The Stampede supercomputer has 14 petabytes of high-speed internal storage, which researchers can use to simultaneously process massive amounts of independent data on multiple processors,

Credit: Philipp Moesta/TAPIR/California Institute of Technology

The Stampede supercomputer went into operation at the Texas Advanced Computing Center (TACC) in January 2013, enabling researchers to access cutting-edge computational resources, data, and expertise to further their research across scientific disciplines. Approximately 3,400 researchers from 350 institutions computed on the system in its first year, working on 1,700 distinct projects.

"The results that researchers have achieved in Stampede's first year are a testimony to the system design and its appropriateness for the community," says the U.S. National Science Foundation's Irene Qualters.

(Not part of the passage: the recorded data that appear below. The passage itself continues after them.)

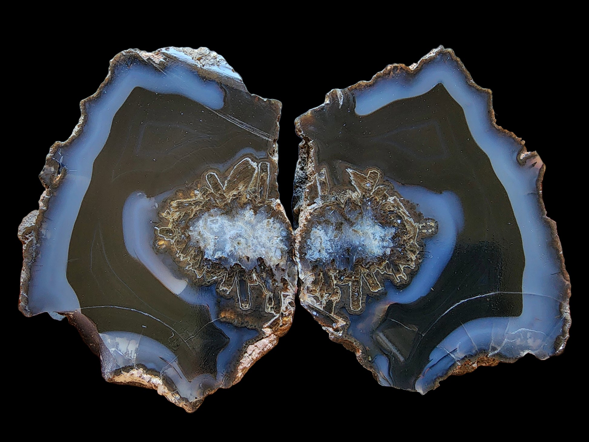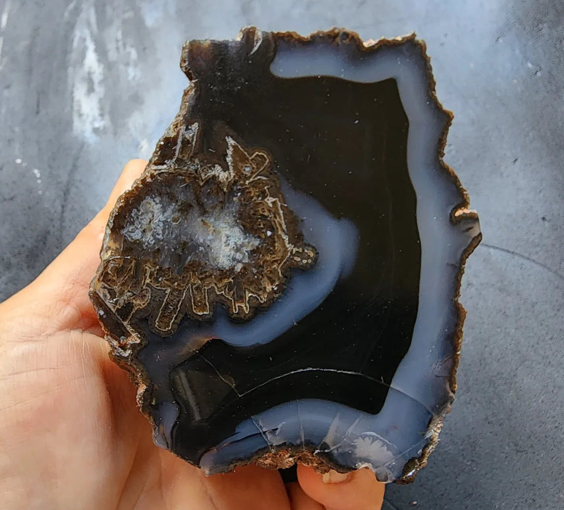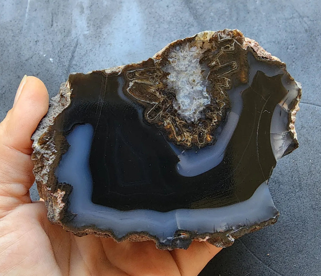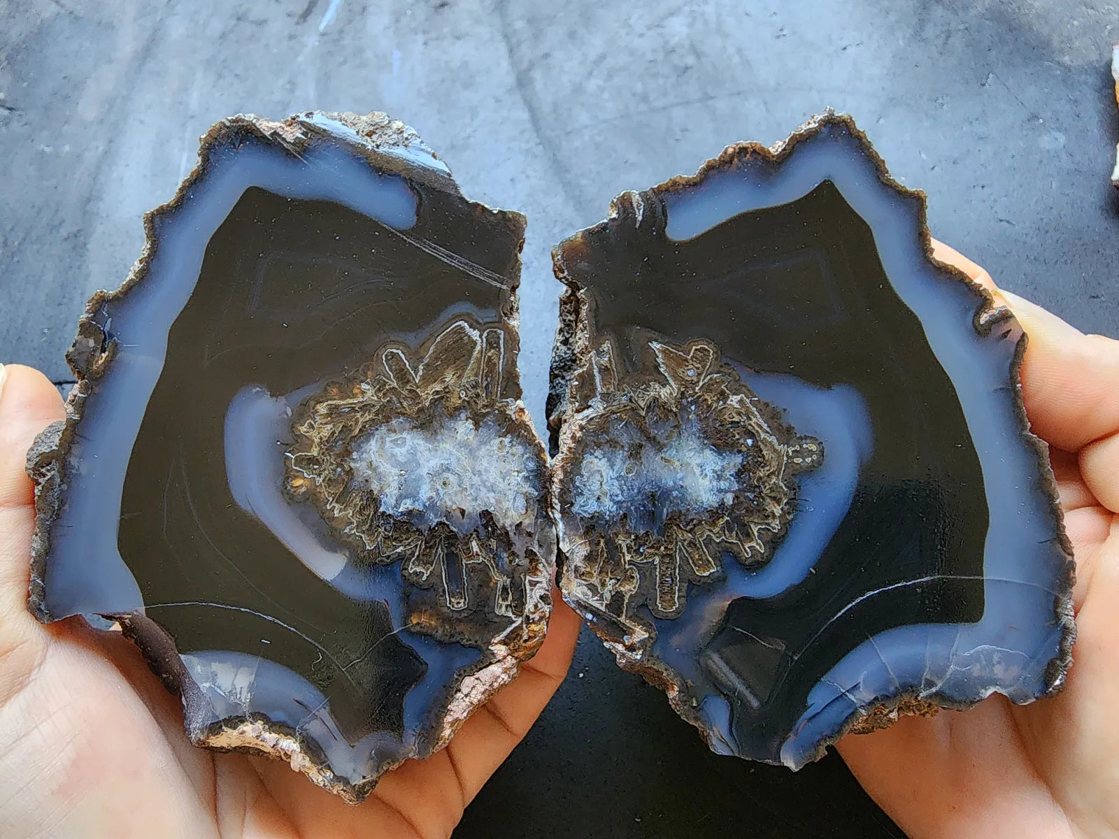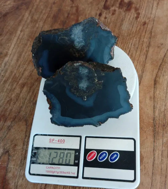 This listing is for an unpolished, undyed, 100% natural light blue black agate from Turkey weighing a total of 2.82 lbs (1.28 kg). The first 10 pictures and video were taken outdoors with the thunder egg pair wet (not under direct sunlight); the rest, indoors and dry. We did not apply any filters to the photos or video, before or after taking them.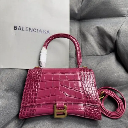 Balenciaga Hourglass Bag Maroon Crocodile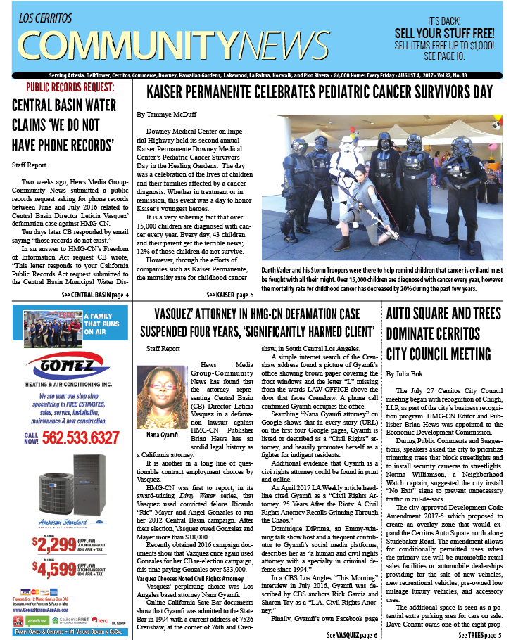 August 4, 2017 Hews Media Group-Community News Front Page Preview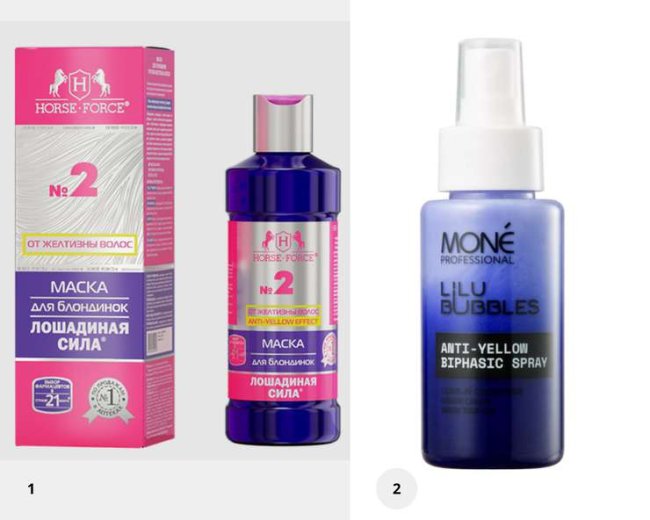 1. Маска для блондинок против желтизны волос, Буренка. 2. Бифазный кондиционер для нейтрализации желтизны, Anti-Yellow Biphasic Spray, Mone Professional.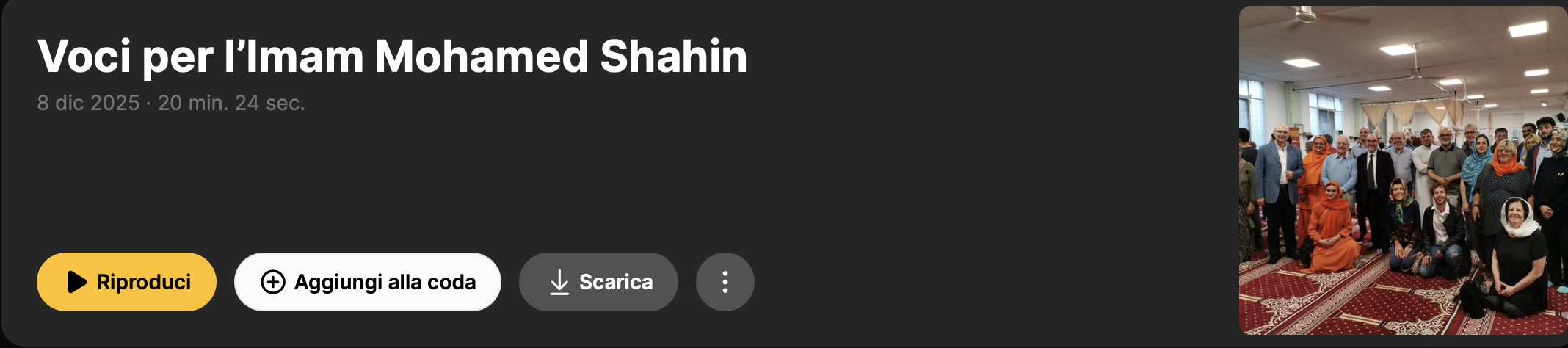 Abbiamo messo a disposizione i nostri canali Spotify e Spreaker per ospitare le voci, compresa naturalmente la nostra,  a sostegno dell’imam Mohamed Shahin.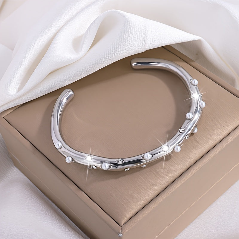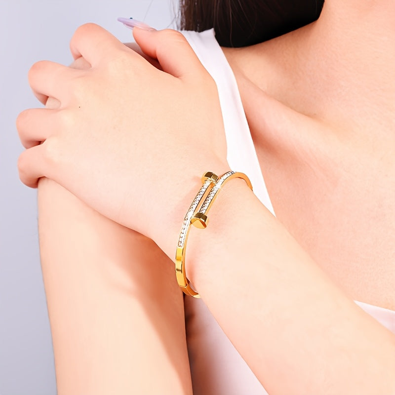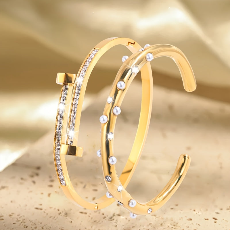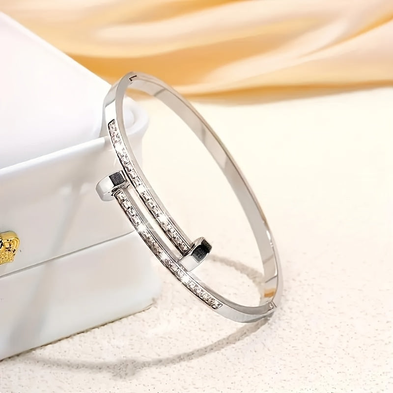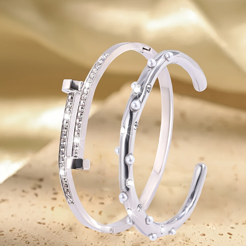 Elegantly designed stainless steel bracelets with synthetic cubic zirconia for a touch of sophistication.
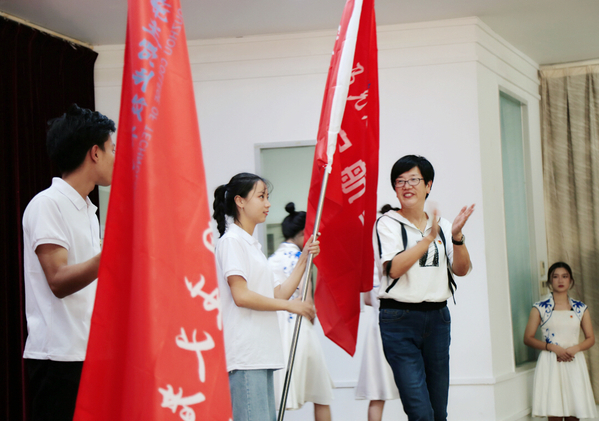 校党委书记崔戴飞为“青马金鹰班”、“青马启航班”授旗。鲜艳的旗帜饱含着学校党委对同学们的殷切期望,也激励着广大青年学子爱国、励志、求真、力行,为实现中华民族伟大复兴的中国梦不懈奋斗!
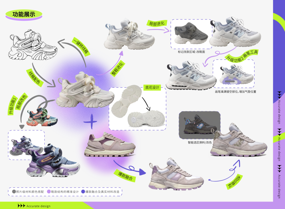此外,AI还可以帮助设计师在传统工作流中选择合适的工具,提高工作效率。有很多客户反馈,智能设计带来的最大提升是让设计师能够快速理解新工具,并在实践中应用。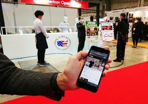 USMEF’s Tatsuru Kasatani live streams from the USMEF booth at the Supermarket Trade Show in Japan
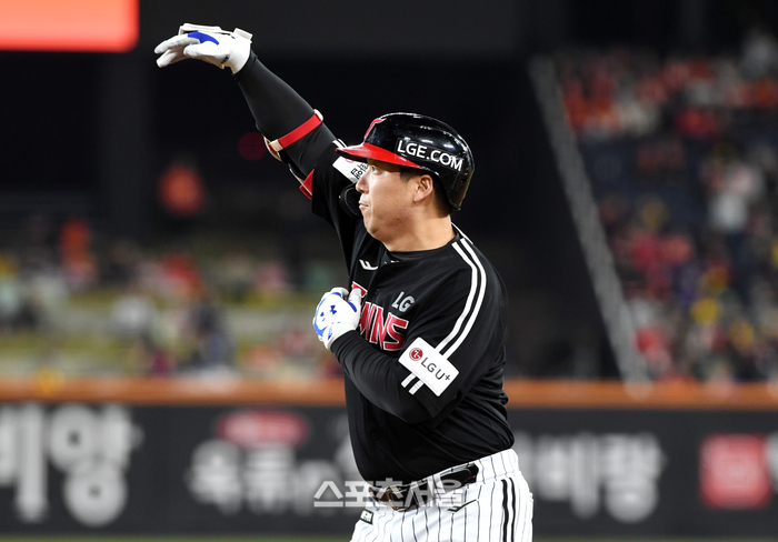 LG 김현수가 31일 대전 한화생명볼파크에서 열린 2025 KBO리그 한화와의 한국시리즈 5차전 1회초 1사 2루 상황에서 한화 선발 문동주를 상대로 1타점 적시타를 친 뒤 세리머니를 하고 있다. 2025. 10. 31.
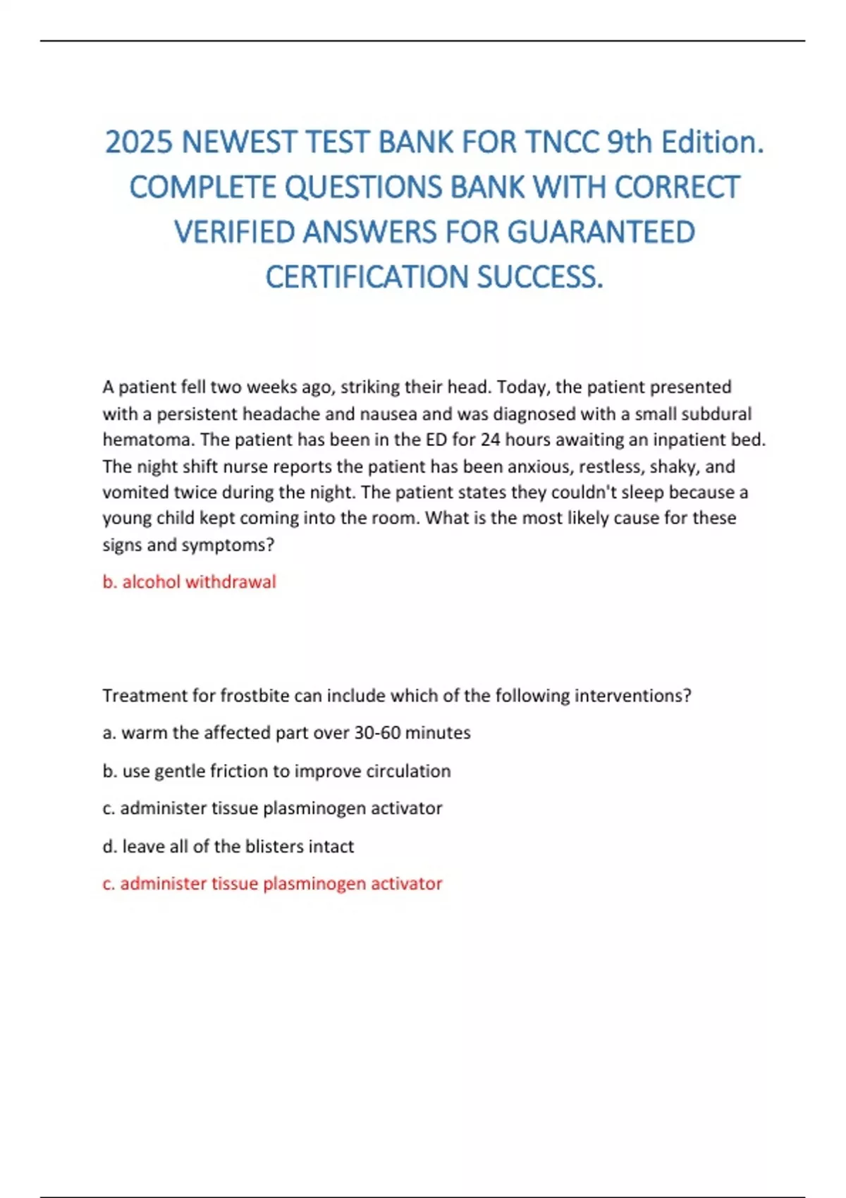 2025 NEWEST TEST BANK FOR TNCC 9th Edition COMPLETE QUESTIONS BANK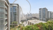 Apartments feature views of the Arabian Gulf, Dubai Marina skyline, JBR beachfront, and the iconic Ain Dubai observation wheel, depending on unit orientation and floor level.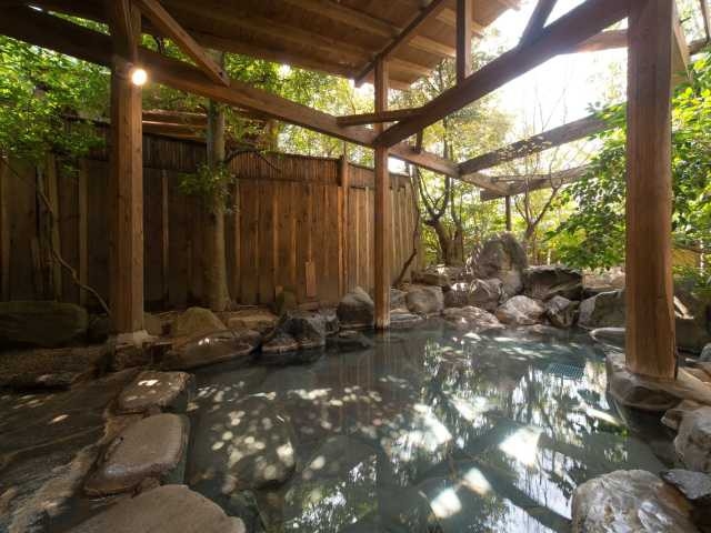山上貸切露天風呂や自然石で造られた岩風呂など多彩に楽しめる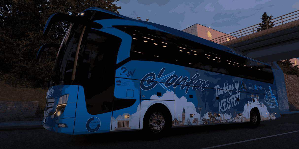 I am with the Mercedes Benz Travego 15 SHD 2+1 2023 model Konfor Turizm Corporate Coatings, one of the Heavy Vehicles Turkey mods. Custom Template is released in 1,2,3,4. You can also join the Konfor Turizm family and become a Virtual Bus Driver. For all this and more…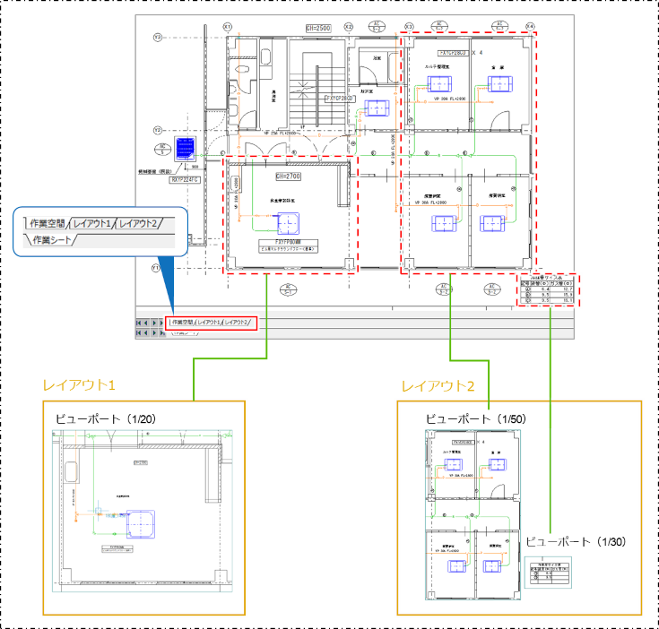レイアウトは、作業空間の一部をビューポートで抜き出して配置し、印刷イメージを作成する空間です。1つのファイルに複数作成できます。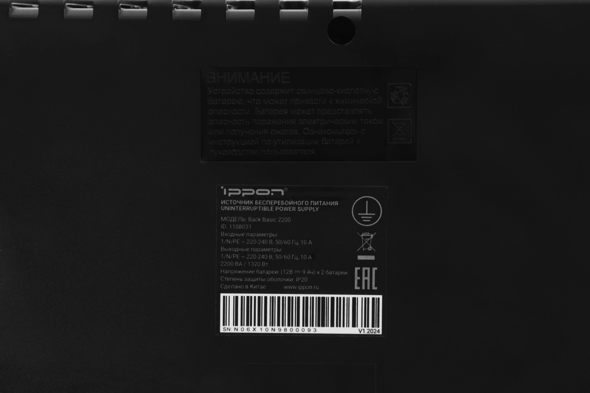 | Виды защиты | защита сети (порт RJ-45), от глубокого разряда батареи, от импульсных помех, от короткого замыкания, от перегрузки |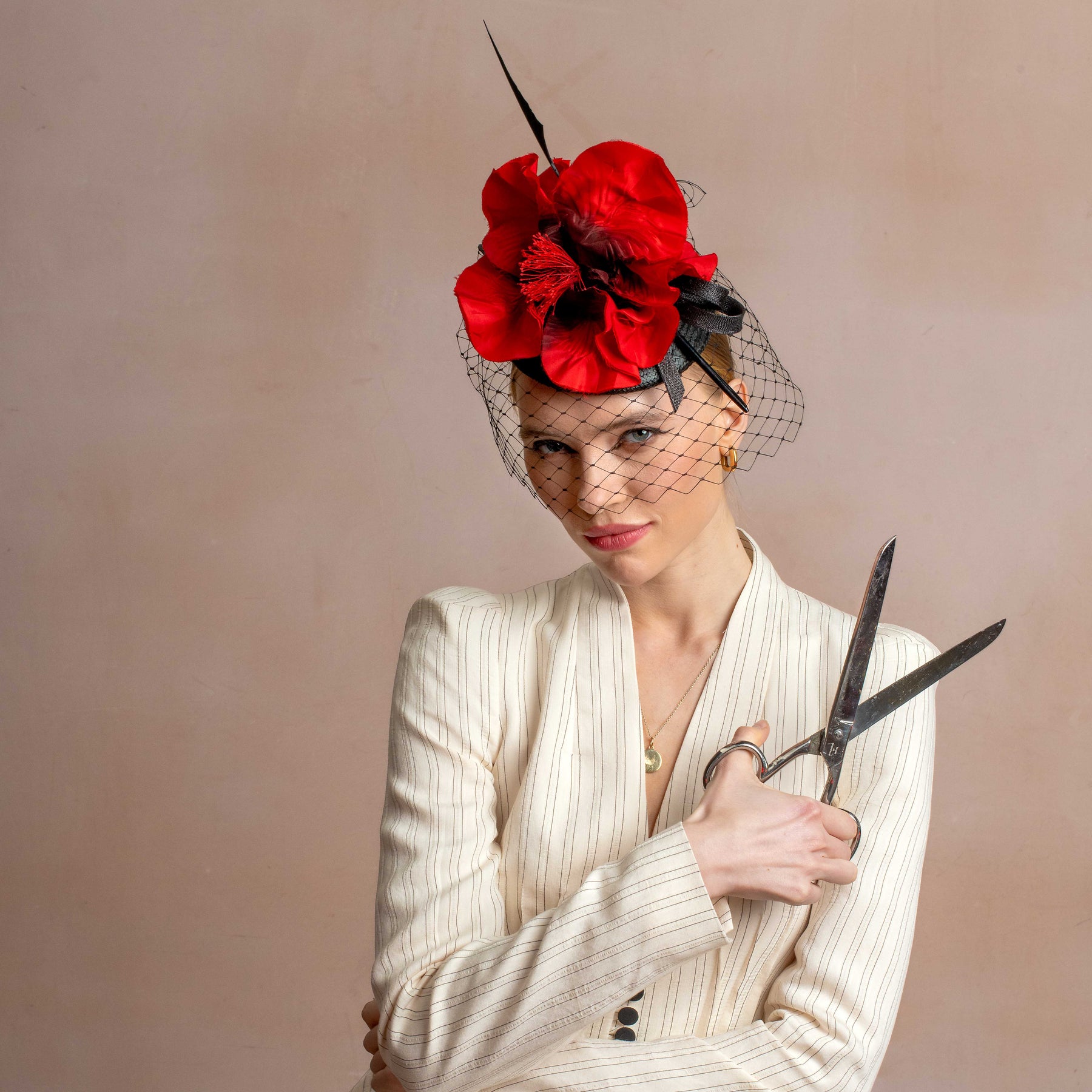 The Poppy is a black sisal straw button hat with a classic, large red poppy flower and a feather arrow detail. The button style is one of our easiest shapes to wear and an elegant sculptural piece with glamorous veiling.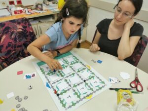 Pri razvoju sodelujemo z najbolj zahtevnimi strokovnjaki – z otroci! 😊 Igre namreč vedno preizkušamo tudi s ciljno skupino. Tako imamo vzpostavljene skupine za testiranje v družinskih krogih, kjer naše igre preizkušajo otroci skupaj s starši, sodelujemo z vrtci in šolami, kamor hodimo testirat naše igre, preizkušajo jih vzgojitelji in učitelji, za strokovno mnenje včasih zaprosimo tudi profesorje iz Pedagoške fakultete v Ljubljani. Ampak kot rečeno, brez pomoči otrok, ne bi mogli. Velikokrat se nam zdi, da smo pripravili odlično igralno mehaniko, pa se pri otrocih sploh ne obnese. Pa spet spreminjamo. Sploh pa imajo otroci nemalokrat tudi sami odlične ideje, kako bi naredili igro bolj zabavno in če se le da, kakšne ideje tudi vključimo v igro.

Stampede's diverse resources also can be used to explore research in fields too complex to describe with equations, such as genomics, neuroscience, and the humanities.

Stampede has 14 petabytes of high-speed internal storage, which researchers can use to simultaneously process massive amounts of independent data on multiple processors, reducing the time needed for the data analysis or computation.

"The Stampede environment provides data researchers with a single system that can easily overcome most of the technological hurdles they face today, allowing them to focus purely on discovering results from their data-driven research," says TACC's Niall Gaffney.